Bob Marley, Seorang Revolusioner Dalam Kata-Kata, Lagu dan Perbuatan


Bob Marley, Musisi Raggae Revolusioner Sepanjang Masa

1. Pengantar
Hampir 34 tahun setelah kematiannya, nama Bob Marley masih berkibar di jagat musik. Namanya melegenda seperti juga John Lennon, Janis Joplin, Jim Morrison, Joe Strummer, dan Kurt Cobain.
Beberapa hari lalu, tepatnya 6 Februari, rakyat Jamaika dan dunia memperingati 70 tahun kelahiran Bob Marley. Ia dikenang sebagai musisi terbesar Jamaika, dan mungkin juga di dunia ketiga, yang sukses membawa lagu-lagunya di telinga ratusan jutaan penikmat musik di Asia, Eropa, dan Amerika Latin. Ia mendapat gelar “King of Reggae”.
2. Sekilas kehidupan Sang Legenda
Jamaika adalah pulau yang indah dan kaya. Namun, pulau ini juga mewarisi sejarah kelam, terutama tentang kolonialisme dan perbudakan. Adalah Christopher Columbus yang mendaulat diri sebagai penemu pulau ini pada 1494. Namun, Bob Marley tahu kebohongan dibalik apa yang disebutkan oleh “penemuan baru” oleh Columbus itu.
“Anda belajar di sekolah tentang Christopher Columbus, Marco Polo. Bagaimana dengan tradisi orang-orang Afrika? Kami ingin belajar itu di sekolah. Kami tidak ingin belajar tentang Christopher Columbus dan semua itu…itu akan membuat anda menjadi kriminal. Ketika anda belajar tentang bagaimana orang-orang itu datang ke Jamaika, melihat suku India-Arawak (suku asli Jamaika, red), lalu membunuhi mereka. Dan kemudian mereka mengatakan menemukan tanah baru. Itu murni pemerkosaan, pembunuhan, dan perampokan,” kata Bob Marley.

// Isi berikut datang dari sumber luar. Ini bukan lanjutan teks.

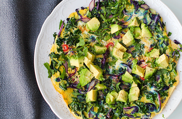 Grønnkål er også en av mine favoritter. Den er som rødkålen stappfull av godsaker for kroppen, og den kan tilberedes på en haug av måter så man blir aldri lei. Den kan spises rå; massert inn med en god olivenolje og sitronsaft og et dryss med revet parmesan, bakt i ovnen til deilige sprø grønnkålchips, den kan stekes i litt kokosolje og smakes til med tørket chilli og salt, puttes i gryter eller curryer, eller som her; i en omelett. Bare husk å fjerne den harde stilken; den er ikke god.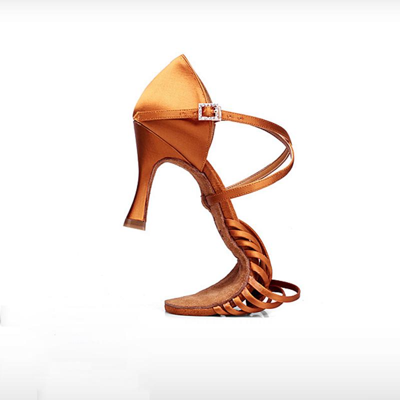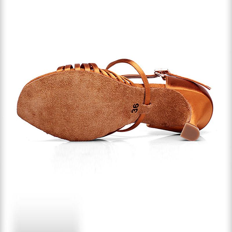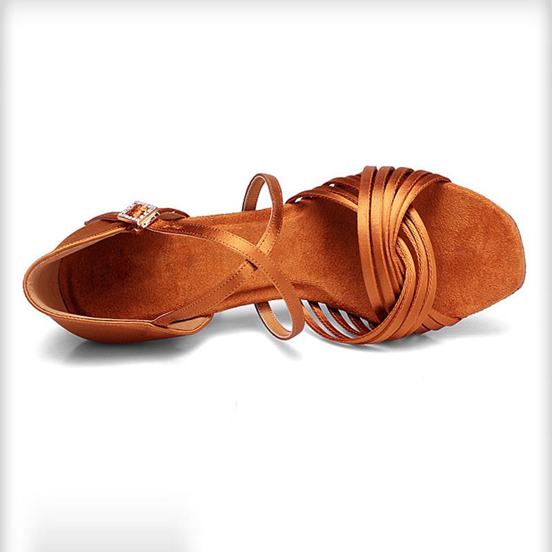 Scarpe da ballo latino da donna in raso marrone con tacco personalizzato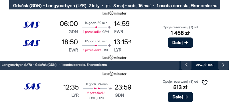 - zarezerwuj loty z Longyearbyen do Gdańska za 513 zł »

Bob Marley kecil juga merasakan pedihnya praktek rasialisme. Terlahir dengan nama Robert Nesta Marley, pada 6 Februari 1945, dari ayah dan ibu yang berasal dari ras yang berbeda. Ayahnya, Norval Marley, seorang kulit putih yang menjadi perwira angkatan laut kerajan Inggris. Sedangkan ibunya, Cedella Booker, adalah seorang pekerja di perkebunan. Karena perbedaan ras itulah, ayah dan ibunya dipaksa untuk tidak bersatu.
Tentang kejahatan rasialisme ini, Bob pernah berkata: “Jika Anda putih dan Anda salah, maka Anda salah. Jika Anda hitam dan Anda salah, maka Anda juga salah. Manusia ya manusia. Hitam, biru, merah muda, hijau. Tuhan tidak menciptakan aturan soal warna. Hanya masyarakat yang menciptakannya, membuat orang menderita.”
Bob Marley kecil juga merasakan perihnya kemiskinan. Karena tekanan kemiskinan, Marley yang mulai beranjak dewasa dan ibunya harus mengadu nasib di Kingston. Tepatnya di daerah Trench Town. Ia hidup di tengah-tengah masyarakat yang terhimpit oleh kemiskinan, upah murah, kekurangan gizi, rumah-rumah yang berdinding kardus, dan praktek diskriminasi rasial.
Pada usia 14 tahun ia berhenti sekolah. Saat itu, untuk menyambung hidup, Bob sempat bekerja sebagai tukang las dan petugas kebersihan hotel. Kenangan Bob akan kota itu membekas dalam ingatannya. Beberapa karyanya terinspirasi oleh kota itu, seperti No Woman No Cry (1974), Trench Town Rock (1975) dan Trench Town—yang terakhir ini dirilis pada tahun 1983.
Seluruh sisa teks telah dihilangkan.